--- WHAT YOU WILL DO ---
Please give back, word for word, only the lines starting at the one containing "Hoisting New Central" and ending at the one containing "Tele1 Genel Yayın" within the material below.

--- PROVIDED ENTRIES ---
_ _ _ _ _

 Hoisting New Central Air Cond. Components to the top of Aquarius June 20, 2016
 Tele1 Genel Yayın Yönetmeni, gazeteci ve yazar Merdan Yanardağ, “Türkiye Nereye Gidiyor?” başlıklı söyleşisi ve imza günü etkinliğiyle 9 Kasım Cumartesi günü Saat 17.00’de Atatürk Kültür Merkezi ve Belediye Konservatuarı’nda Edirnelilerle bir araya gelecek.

_ _ _ _ _

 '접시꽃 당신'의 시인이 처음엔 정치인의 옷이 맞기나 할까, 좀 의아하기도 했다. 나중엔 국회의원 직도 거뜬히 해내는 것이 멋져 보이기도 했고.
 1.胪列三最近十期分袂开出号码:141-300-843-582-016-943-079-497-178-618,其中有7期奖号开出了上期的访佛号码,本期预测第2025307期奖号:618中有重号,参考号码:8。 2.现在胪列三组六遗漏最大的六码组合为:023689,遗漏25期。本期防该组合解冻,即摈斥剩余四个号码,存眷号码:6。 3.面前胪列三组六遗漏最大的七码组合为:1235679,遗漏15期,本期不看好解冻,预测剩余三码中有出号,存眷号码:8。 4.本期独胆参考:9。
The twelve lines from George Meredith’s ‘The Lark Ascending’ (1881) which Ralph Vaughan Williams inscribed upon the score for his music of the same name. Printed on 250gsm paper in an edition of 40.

_ _ _ _ _

--- RESPONSE AREA ---
 Hoisting New Central Air Cond. Components to the top of Aquarius June 20, 2016
 Tele1 Genel Yayın Yönetmeni, gazeteci ve yazar Merdan Yanardağ, “Türkiye Nereye Gidiyor?” başlıklı söyleşisi ve imza günü etkinliğiyle 9 Kasım Cumartesi günü Saat 17.00’de Atatürk Kültür Merkezi ve Belediye Konservatuarı’nda Edirnelilerle bir araya gelecek.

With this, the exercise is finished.